Patna High Court
Manoranjan Singh And Anr. vs The State Of Bihar And Anr. on 27 September, 2007
Author: Mihir Kumar Jha
Bench: Mihir Kumar Jha
JUDGMENT Mihir Kumar Jha, J.
1. In this case, by order dated 08.11.1996, notices were ordered to be issued on the Complainant (Opposite Party No. 2). The Opposite Party No. 2, however, despite service of notice, has not chosen to appear in this case.
2. This application is directed against the order, dated 10.07.2006 whereby and whereunder the Judicial Magistrate, Patna City in Fatuha P.S. Case No. 258 of 2004 has rejected the prayer of the petitioner for their discharge as envisaged power to exercise under Section 239 of the Code of Criminal Procedure.
3. Counsel for the petitioner has made a very short submission inasmuch as it is contended that a petition setting out the materials and grounds seeking the relief of discharge was filed before the Court below but from the impugned order, it would transpire that the same has been rejected mechanically without application of mind. In this regard, it has been contended that there are materials to show that from the joint bank account of Kedar Roy and Manti Devi (Opposite Party No. 2), the victim Kedar Roy had withdrawn amount on several dates. It is, thus, contended that if this be correct, then the allegation of abduction and other offences can not be made out against the petitioners and, therefore, the charge could not have been framed against them for offences under Section 365 of the Indian Penal Code and/or even under other offences such as under Sections 406, 420 and 120B of the Indian Penal Code.

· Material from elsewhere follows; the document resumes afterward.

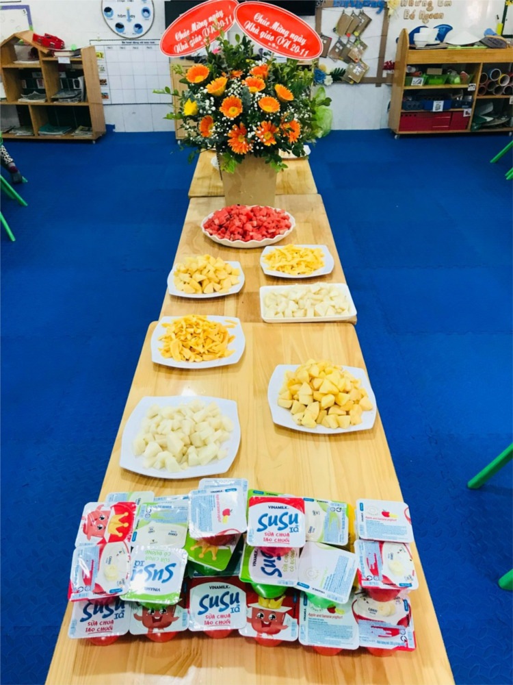 Hoạt động trải nghiệm bé làm hoa quả dầm sữa chua của cô và trò lớp 4 Tuổi B4 đã thành công tốt đẹp. Niềm vui hiện rõ trên mỗi gương mặt, cảm xúc tận hưởng món ăn ngon biểu hiện trong từng động tác của các bé yêu…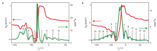 圖4:單層和雙層石墨烯的在~1.6K下的量子霍爾輸運曲線。

4. On a bare perusal of the impugned order, I am satisfied that the Court below has made a mess of judicial procedure. The Court below was required to at least examine the facts as stated in the application seeking discharge. It was also required to briefly mention the materials collected by the Police in course of investigation with reference to the case diary. An objective consideration followed by a reasoned order is the minimum requirement in any judicial proceeding. The petition for discharge could not have been simply rejected by the Court in a routine and mechanical manner by stating that since the Magistrate has taken cognizance for offences under Sections 406, 420, 365 and 120B of the Indian Penal code or that in the case diary, there are sufficient evidence for framing of charge, the application seeking discharge can not be allowed. Such mechanical disposal of the application seeking discharge can not be countenanced in law especially when such order of the court below has to be examined by the superior court.
5. Consequently, the impugned order dated 10.07.2006 being a totally mechanical, non-speaking and infact a perverse order is hereby set aside and the matter is remitted back to the Court below for examining the matter afresh and passing a reasoned order in accordance with law.